The heritability of otitis media: a twin and triplet study

Abstract

Context: Anatomical, physiological, and epidemiological data indicate that there may be a significant genetic component to prolonged time with and recurrent episodes of otitis media in children.

Objective: To determine the genetic component of time with and episodes of middle ear effusion and acute otitis media (AOM) during the first 2 years of life.

Design: Prospective twin and triplet cohort study with enrollment from 1982 through 1995.

Setting: Otitis Media Research Center in the ear, nose, and throat clinic of Children's Hospital of Pittsburgh, Pittsburgh, Pa.

Patients: A total of 168 healthy same-sex twin and 7 triplet sets were recruited within the first 2 months of life; zygosity results were available for 140 sets; 138 (99%) of these were followed up for 1 year and 126 (90%) for 2 years.

Main outcome measures: Proportion of time with middle ear effusion, episodes of middle ear effusion, and episodes of AOM by zygosity status.

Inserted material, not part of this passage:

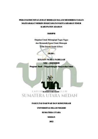 Fadillah, Zuliaty Nurul (2022) Peran Komunitas Jumat Berbagi Dalam Memberdayakan Masyarakat Miskin Di Kecamatan Kota Kisaran Timur Kabupaten Asahan. Skripsi thesis, Universitas Islam Negeri Sumatera Utara.

Results: At the 2-year end point, the estimate of heritability of time with middle ear effusion was 0.73 (P<.001). The estimates of discordance for 3 or more episodes of middle ear effusion were 0.04 for monozygotic twins and 0.37 for dizygotic twins (P = .01). The estimate of discordance of an episode of AOM in monozygotic twins was 0.04 compared with 0.49 in dizygotic twins (P = .005).

Conclusions: Our study suggests there is a strong genetic component to the amount of time with middle ear effusion and episodes of middle ear effusion and AOM in children.